Na tranqüilidade de seu lar, na Tijuca, longe da praia, o circunspecto Praxedes distrai-se em regravar velhos discos de vinil e não menos antigas fitas cassetes no formato CD, igualmente ultrapassado. De vez em quando interrompe as gravações para atender ao chamado da esposa. O amor se reparte entre passatempos e afazeres domésticos, não há remédio.

Nunca é tarde para procurar o ser feliz. Sorrisos passeiam pelas calçadas, atravessam ruas, devem traduzir um mínimo de felicidade. Olhares sérios podem disfarçar a felicidade íntima, porém. Por que não? A vida assemelhase por vezes a um jogo de pôquer, em que se torna necessário ocultar o sentimento, blefar. Quem garante, por outro lado, que o sorriso estampado no rosto não seja sinal de felicidade, mas sim da infelicidade causada a terceiro?

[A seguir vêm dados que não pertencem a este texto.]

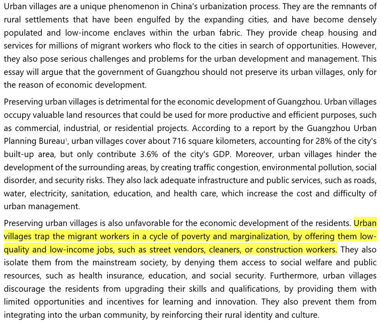As students engaged in constructing essays on the advantages and disadvantages of preserving historic structures, one student became captivated by a claim (See picture 7) suggesting that the preservation of such buildings could lead to economic disadvantages for urban village residents in Guangzhou, a southern city in China. However, this claim lacked explanation or support, creating a void that required filling for the argument to be effective and persuasive.

As aparências não somente enganam. Conquistam apreço, adeptos, votos e apoio de quem as prefere à realidade.

O inconformado ateia fogo às vestes. Ato radical que aumenta o sufoco dessa tarde aquecida pelo sol. Duas ou três manifestações de tristeza, outras tantas de júbilo, em meio à predominante indiferença geral.

Alguém falou de futebol? De política? De religião? Temas sensíveis, capazes de gerar cisões. Indecisões! Cabeças atordoadas preferem o mar sereno, inspirador de boas causas, romances, poesias.

Nada de mar de tormentas ou de tormentos! Mar de lama, então, nem pensar! A atenção quer concentrar-se em determinado filme, naquele cinema, na última sessão da tarde. Se possível, em companhia agradável.

Na praia, mulher e cachorro seguem sua caminhada, agora rumo ao infinito, carregados pelos raios de luar quando a noite cai.

O cotidiano é um delírio!

Nota: Tiago, Mourão e Praxedes são personagens de outros textos do autor.